The study is very interesting. Virus engineering for gene therapy has been very successful. Very useful vectors can be made. Examples are lentiviruses or adeno-associated viruses (AAVs) currently used in therapies in patients.  

What is very new is that in this study they use a bacterial virus instead of viruses that infect mammals. In addition, it has the property that it can package a lot of DNA (10 times more than lentiviruses and 20 times more than AAVs). This can be very interesting for transferring large genes or complex genetic circuits. 

In terms of limitations, the efficiency in in vivo (and ex vivo) situations compared to classical platforms needs to be seen, as well as how biodistribution can be controlled. In addition, when packaging DNA, there is always a risk of insertion (especially if the DNA is so large). This needs to be measured in animal models.  

In any case, I think it is a very interesting system. Viruses are very sophisticated molecular machines that now allow us very important levels of engineering.

It is a very good preliminary study that focuses on the creation of a new gene transfer model based on the bacterial phage T4. Scientifically, the article addresses one of the main issues in the field of gene transfer, namely the amount of material that can be transferred, which in this case is very relevant. In any case, although the article talks about nanoparticles or artificial viral vectors (since for marketing reasons they get better press than the term viral vector), it is still a modified phage (bacterial virus). 

The main advantage is the ability to carry up to 170 kilobases of genetic material, but also proteins, such as those needed for gene editing. 

As for the limitations, there are some very important ones. Two of them are mentioned in the same article at the end of the discussion: the immune response and the possibility of off-target events associated with gene editing systems. To this I would add the very limited ability to maintain stable expression of the therapeutic gene over time - unless new systems are introduced into the genome that carry these AVVs [artificial viral vectors] - and the specificity of efficiently transducing cell types, unless new versions are generated with new external 'bridging' proteins.  

The most relevant and difficult to avoid of all limitations is the immune response it is likely to induce. I would say that this is precisely why the authors have not shown in vivo experiments in animal models, because with all that they have done that last experiment would be easy and would make it very relevant.  

Let me explain: T4-AVVs are based on the T4 bacteriophage, i.e. on organisms not seen (let alone in the doses necessary to achieve a therapeutic effect) by humans (nor by mice and the other animal models). Moreover, these T4-AVVs maintain the Hoc protein and incorporate lipid compounds into the capsid, which usually in the presence of immunogenic proteins (as is the case with Hoc), can act as adjuvants and further increase the antigenicity of these immunogens. In other words, they will most likely first induce a strong innate response and, secondly, a humoral immune response that will prevent or make readministration very difficult (key for chronic diseases such as rare genetic diseases, autoimmune diseases, neurodegenerative diseases, etc.). They will most likely also induce a cellular immune response, because while viruses (such as adeno-associated viruses - AAVs) that infect mammals and humans in particular have evolved over millions of years and have mechanisms to avoid, inhibit or reduce host immune responses, T4 bacteriophages have no such capacity. 
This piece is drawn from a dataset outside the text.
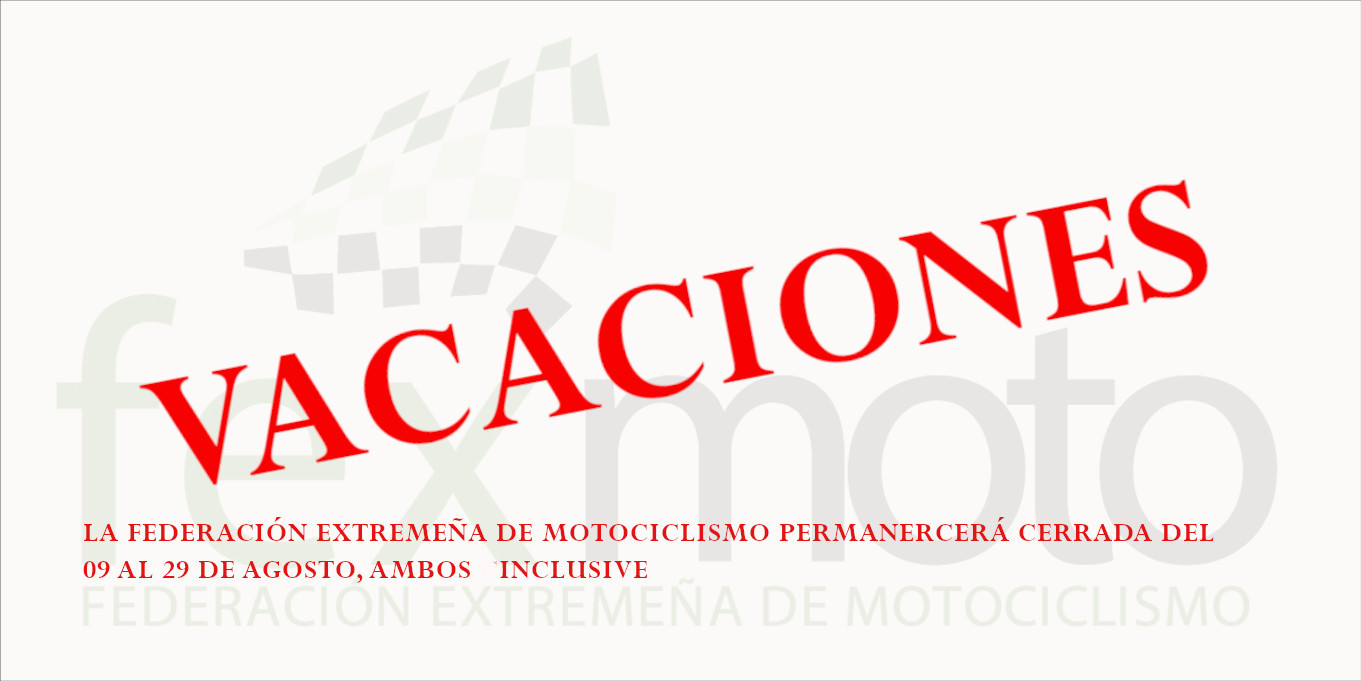 Ago82021FEXMOTO La Federación Extremeña de Motociclismo permanecerá cerrada del 09 al 29 de agosto, ambos inclusive, por vacaciones. Categoría: FEXMOTOPor fexmotoagosto 8, 2021 Share this post Share on XShare on X Navegación entre publicacionesAnteriorPublicación anterior:Ayuntamiento de Cáceres. Convocatoria de ayudas para Proyectos desarrollados por Entidades Juveniles 2021.SiguientePublicación siguiente:Resultados de los pilotos extremeños en el Mx nocturno de Almonte (Huelva)Related postsLa Selección Extremeña de Motocross, defenderá los colores de su Bandera en las Autonomías 2025.octubre 28, 2025Prueba del Campeonato de España de Motocross de las Autonomías en Mérida, circuito Vía de la Plata-Royanejos, el 01 y 02 de noviembre.octubre 24, 2025Prueba del Campeonato de Extremadura de Motocross en Talavera de la Reina, conjunta con FCMM, se celebrará el 16 de noviembre, circuito Cerro Negro.octubre 16, 2025La Prueba del Cross Country de Cañamero tras confirmación del Motoclub queda suspendida.octubre 15, 2025Presentamos la Selección Extremeña de Trial, nos representarán en el Campeonato de España de las Autonomías en Osuna el 12 de octubre.octubre 8, 2025Prueba del Campeonato de Extremadura de Motocross en Talavera de la Reina, conjunta con la Federación Castellano Manchega de Motociclismo, el día 05 de octubre.septiembre 22, 2025

As for the possibility of their integration into the genome: first, AAVs do integrate, but only those found in nature. Those genetically modified to be therapeutic do not, or if they do, it is in a very inefficient way. In fact, this is a biosafety advantage, as it avoids the risk of insertional mutagenesis. The advantage is that the genome of AAV vectors has a conformation that allows them to remain stable (but not integrated into the genome) throughout the life of the cell. If the cell is a neuron, for example, this means therapeutic expression for the lifetime of the patient, even if it is many years, as in humans. T4-AVVs also do not integrate, which is good for biosafety, but in the particles described in the article I have not seen mechanisms that allow for genome stability as with AAV vectors, although this is something that could be added in future versions.  

In summary, this is an interesting system, which addresses one of the important problems of the quantity of genetic material very well, but there are still important points to be resolved, especially the immune response that it can induce, before it can be considered for use in humans.

The study contains a tremendous amount of work and is very well done. 

They have succeeded in developing a synthetic vector that reproduces the main characteristics of viral vectors, which are characterised by their ability to transfer genetic material into cells. 

Until now, the synthetic viruses developed were very inefficient in terms of transferring genetic material to the cell. In this case, in addition, the vector can transfer both genetic material and proteins and can be loaded with large DNA or RNA sequences, which is essential for the treatment of genetic diseases associated with a large gene.  

The main limitation is that the study lacks animal data, and this is where the problems will lie. It is a very large and complex vector and it is very likely that its in vivo efficacy will be reduced and it will induce toxic and immune responses, as is the case with large viruses, which will condition its therapeutic efficacy.